Alcohol Abuse Facts and Information


Repeated, abusive drinking can lead to serious health, relationship, financial, educational, legal, and employment problems as well as to alcohol addiction. Stated another way, engaging in alcohol abuse over time adversely affects just about every importance aspect of a person's life.

And if this isn't enough, continued excessive and hazardous drinking often makes the transition from abuse to alcohol dependency (also known as "alcoholism" and "alcohol addiction").


What Is Alcohol Abuse?

Alcohol abuse is a drinking pattern that characteristically results in one or more of the following during a twelve-month time period:

  • An alcohol-related health problem (such as ulcers) or a physical injury (such as an alcohol-related accident or injury at work.)

  • The experience of recurring alcohol-related legal difficulties (such as receiving one or more "driving under the influence" (DUI) citations, especially if the drinker has never previously received a DUI.)

  • Failure to attend to important responsibilities at school, home, or work. The focus here is on irresponsibility in people who are typically responsible. Examples include the following: someone with an excellent attendance record at work or at school who suddenly starts to miss a lot of work or school, respectively, or someone who fails to do his chores at home who has a long track record of doing these chores on a regular basis.

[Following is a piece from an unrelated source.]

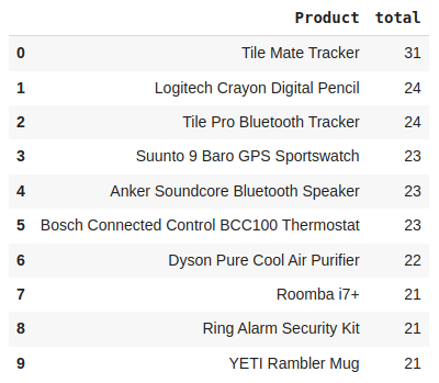 # Group the merged DataFrame by the 'Product' column and aggregate data. # Create a new column 'count_col' which counts the number of occurrences of each product. product_revenue_df = merged_df.groupby('Product').agg( total=pd.NamedAgg(column="Product", aggfunc="count") ).sort_values(by=['total'], ascending=False).reset_index() # Select the top 10 products with the most sales based on the count_col. top10_products_with_more_sales = product_revenue_df[0:10] # Output the result: a DataFrame containing the top 10 products by sales count. top10_products_with_more_sales

  • Ongoing alcohol-related relationship issues. Picture this scenario. Nancy and Jacob have been happily married for three years. Jacob starts going to happy hour everyday after work and having a few drinks with his work buddies. As a result, Jacob spends less "quality" time with Nancy, he comes home late for dinner several times every week, he doesn't want to do anything but fall asleep in his recliner when he gets home, and he starts spending a lot of money that was targeted for the building of a new house. Do you think that Nancy just might have a "problem" with Jacob's alcohol-related behavior? Is there a chance that Jacob's drinking behavior is starting to sour his relationship with his wife?

Alcoholism Has its Roots in Alcohol Abuse

Something definitely needs to be articulated about alcohol abuse that is neither emphasized enough in the research literature nor in websites, blogs, and online forums: alcoholism has its roots in alcohol abuse. Think about this for a few minutes.

Do you honestly think that most people become alcohol dependent overnight? Of course not. In short, alcoholism results from repeated abusive and hazardous drinking over time.

This has many implications, but perhaps the key implication is this. If alcoholism has its roots in alcohol abuse, then the educational and preventative efforts need to point out the destruction and devastation associated with alcoholism so that those who don't drink never start and those who drink socially or abusively learn how to manage and control their drinking so that it NEVER escalates into alcohol dependency.

Obviously, multitudes of people need to hear about the alcoholism "horror stories" such as alcohol related cancer, heart disease, and organ malfunction like liver damage so they can learn how to avoid such disastrous and at times fatal medical conditions.

Of course it makes sense for alcoholics to get the alcohol treatment they need. On the other hand, it makes just as much sense, if not more sense, for alcohol abusers to get alcohol treatment BEFORE their drinking changes into alcohol dependency.


In conclusion, why increase your risk of developing such devastating medical, relationship, financial, employment, educational, and legal problems that are usually associated with alcoholism when you can virtually eliminate these risks either by always drinking in moderation or by abstaining from drinking alcohol altogether? And if you cannot accomplish either one of these options on your own, then get alcohol treatment so that you can.